There are a lot of people that would object at my even raising this question? It will be read as hitting below the belt, playing the race card. That’s not my intention here. I have listened to conversations among the leadership at Arena Stage where this issue was sweated over. People want to do the right thing. But, the money is so good. So, an African-American director is engaged, etc. We make our deal with the devil and we do the best we can. Like me. I haven’t thrown my Clapton recording away, either.
I’m probably going to get in trouble with this post. People are still talking about the Wilson-Brustein debate on this issue. Personally, I always thought August Wilson was on the side of the angels. I thought he was right.
I think he could taste what was missing.
PS: Another Point of View
In his blog, The Artful Manager, Andrew Taylor contemplates the question of cultural ownership from a different point of view.
The point - counterpoint frames of reference are quite interesting. As always, Andrew is compelling. Give it a read.
Who Owns Culture?
http://www.artsjournal.com/artfulmanager/main/007894.php
Comments
I was once at the Moosehead Pub...a Canadian-themed pub in Paris, run by Australians. The decor included all the requisite beaver pelts, lobster traps, and maple leafs. Moosehead beer was on tap, of course.
The appropriation of aesthetics has plagued architecture for more than the last two decades. After the sleek lines, vast surfaces, simplicity, and elegance of mid-20th century modernism we have to endure the pastiches of present-day suburbia...a bit of Roman ruins here and an Egyptian sarcophagus there. Is this because there really is nothing new under the sun? Or do we simply cater to unrefined taste? Do we just create what sells? Enough with the stucco-bumps.
I applaud this blog. And you wrote it so well, Neill. A real pleasure. So, bro', keep it real.
Right On Neill! The recognition of the right of cultural ownership would go along way toward establishing a level playing ground. This is, however, not likely to happen in a place that won't admit that the existence of slavery as an institution in its not too distant past has any real manifestation in its current life. Organized denial of unpleasant realities lies at the heart of our daily existence. Still we never stop fighting until the fight is done.
I was discussing this conversation with my associates a few minutes ago. The topic seems to resonate with them a longing for authenticity. It seems they desire to feel comfortable with the visceral response to accepting a Japanese sushi chef as better than Bif cutting raw fish. I think the fake as the new real not only diminishes authenticity, it also introduces a certain arrogance where Bif feels he can challenge and excel and capitalize on centuries of a culinary art form.
As we discussed this topic, I sensed a low grade anger from the participants...because fake as the new real is still costing us "real" money as opposed to "fake" money. Your article captures the essence of what I sensed from my associates.

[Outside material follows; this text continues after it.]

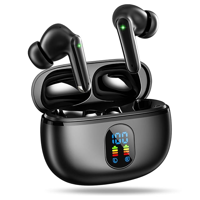 イヤホン bluetooth ワイヤレスイヤホン 【2024業界新開発 最先端Bluetooth5.4】 ブルートゥース イヤホン LEDディスプレイ残量表示 ENCノイズキャンセリング+DNS技術 自動ペアリング 完全ぶるーとぅーす イヤフォン 最大60時間連続再生 タッチ操作 Type-C充電 IPX7防水 片耳/両耳 小型/軽量 iPhone/Android適用 (ブラック)
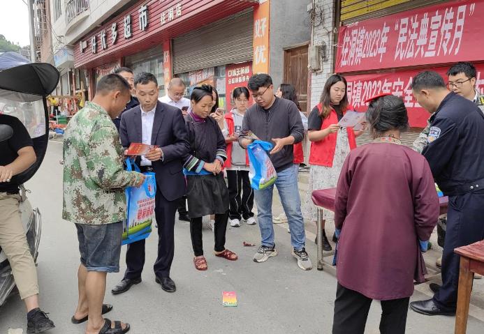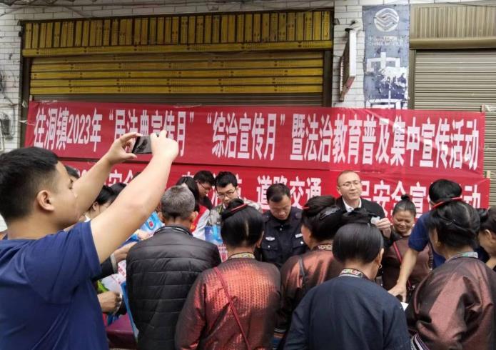 《民法典》是增进人民福祉,维护广大人民群众利益的法律武器,是与人民群众生活息息相关的生活百科全书。为深入贯彻落实“八五”普法的普法要求,持续做好民法典宣传工作,进一步提高广大村民法律素质,增强法治观念。从江县往洞镇人民政府以5月“《民法典》宣传月”为契机,组织司法所、派出所、综治中心、消防队等部门。于2023年5月25日利用当地赶集日,积极开展以法治宣传进万家“《民法典》宣传月·综治宣传月”为主题的法治教育宣传活动。

Very good writing....
Great stuff, Neill, as ever.
I wonder if there's some way to clarify the words "fake," "real," "authentic," and "inauthentic." Most conversations on this subject seem to use these terms interchangably, without defining any.

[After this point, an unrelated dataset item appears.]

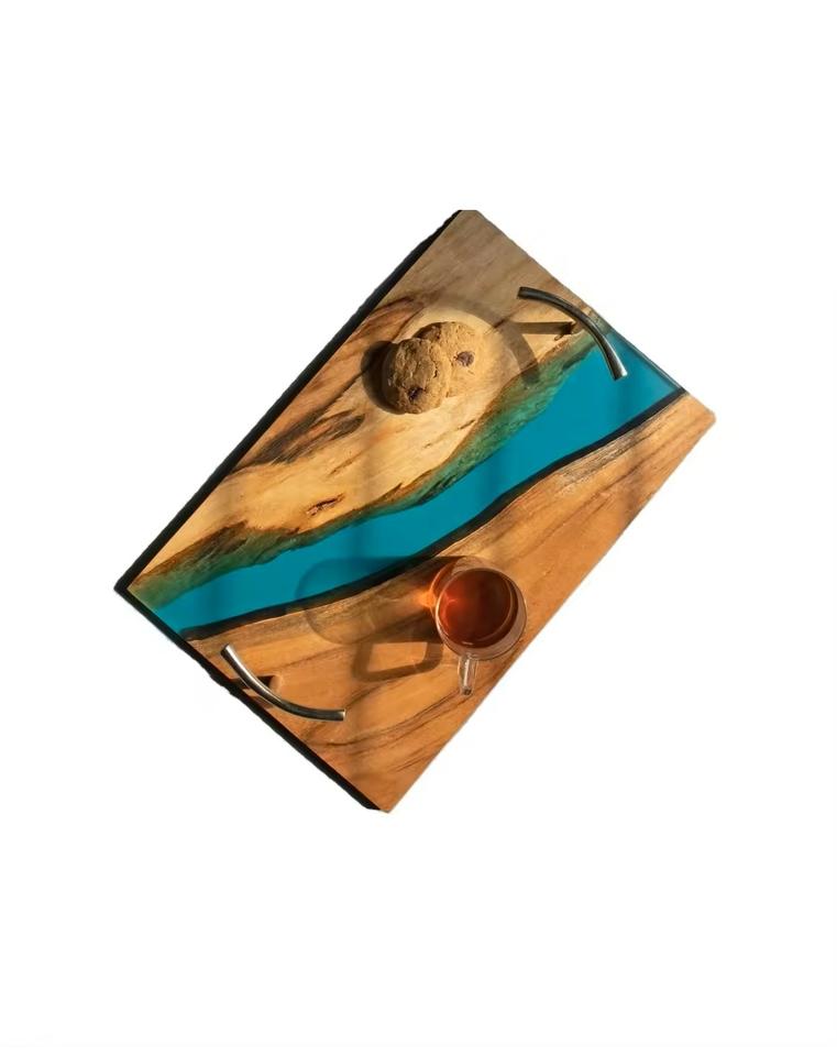 Plateau de service multifonctionnel en bois et résine époxy, fait main, design moderne, avec poignées, plateau décoratif pour charcuterie, pour la cuisine et la salle à manger

The sushi chef is a great example -- is it really the ethnic heritage of the chef that makes the preparation of sushi "real" or "authentic"? Or is it, instead, the extended connection to the craft and the tradition, the overlapping layers of skill and ritual that go into the preparation?
If it's the latter, then ethnicity might be correllated to authenticity, but isn't the causal link.
The other sandtrap is between frozen versions of cultural expression, and dynamically evolving ones. To one observer, for example, straight bebop jazz might provide an authentic cultural moment. To lovers of jazz as an evolving art, however, "authenticity" would only exist at the edge of experimentation.
This is a fabulous topic, wonderfully framed. Thanks Neill for nudging us along.